» What the task asks:
Repeat what the lines below say, word for word, and skip every image.

» Input data:
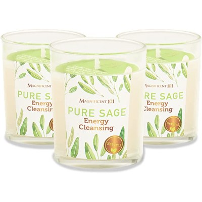 Magnificent 101 Set of 3 Long Lasting Pure Sage Candles - 3.5 Oz Each Relax & Restore The Body & Mind
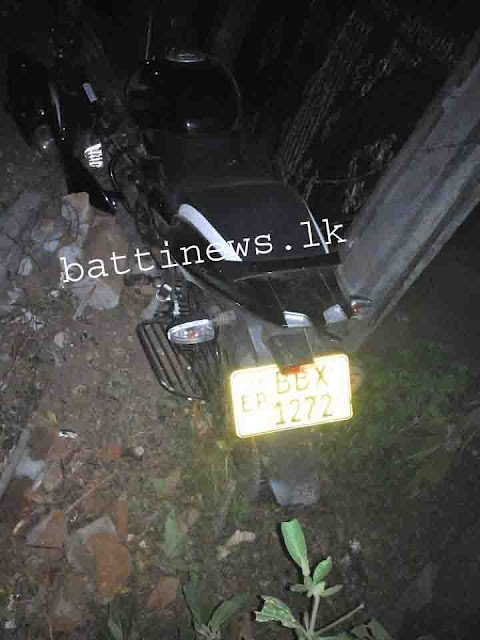 களுவாஞ்சிகுடி பொலிஸ் பிரிவிற்குட்பட்ட இன்று(25.06.20415) நள்ளிரவு 12.10 மணியளவில் கல்முனை,மட்டக்களப்பு பிரதான பாதையில் செட்டிபாளையம் பிரதேசத்தில் மோட்டார் சைக்கிள் வீதியில் படுத்து இருந்த மாடுகள் மீது மோதுவதை தவிர்ப்பதற்காக வீதியை விட்டு விலகி வேலி மீது மோதி விபத்துக்குள்ளாக்கியது.
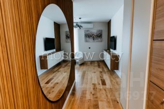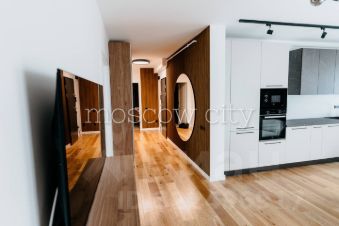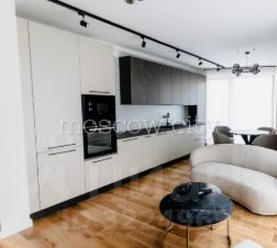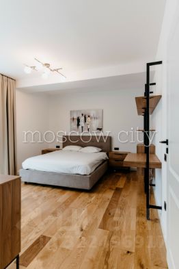 Выполнена новая дорогостоящая отделка в современном стиле с применением натуральных материалов по авторскому проекту, квартира меблирована и оснащена функциональной бытовой техникой, современными высококлассными инженерными системами (приточно-вытяжная вентиляция, кондиционирование), в санузлах установлена сантехника премиум-класса.

» Your response:
 Magnificent 101 Set of 3 Long Lasting Pure Sage Candles - 3.5 Oz Each Relax & Restore The Body & Mind
 களுவாஞ்சிகுடி பொலிஸ் பிரிவிற்குட்பட்ட இன்று(25.06.20415) நள்ளிரவு 12.10 மணியளவில் கல்முனை,மட்டக்களப்பு பிரதான பாதையில் செட்டிபாளையம் பிரதேசத்தில் மோட்டார் சைக்கிள் வீதியில் படுத்து இருந்த மாடுகள் மீது மோதுவதை தவிர்ப்பதற்காக வீதியை விட்டு விலகி வேலி மீது மோதி விபத்துக்குள்ளாக்கியது.
 Выполнена новая дорогостоящая отделка в современном стиле с применением натуральных материалов по авторскому проекту, квартира меблирована и оснащена функциональной бытовой техникой, современными высококлассными инженерными системами (приточно-вытяжная вентиляция, кондиционирование), в санузлах установлена сантехника премиум-класса.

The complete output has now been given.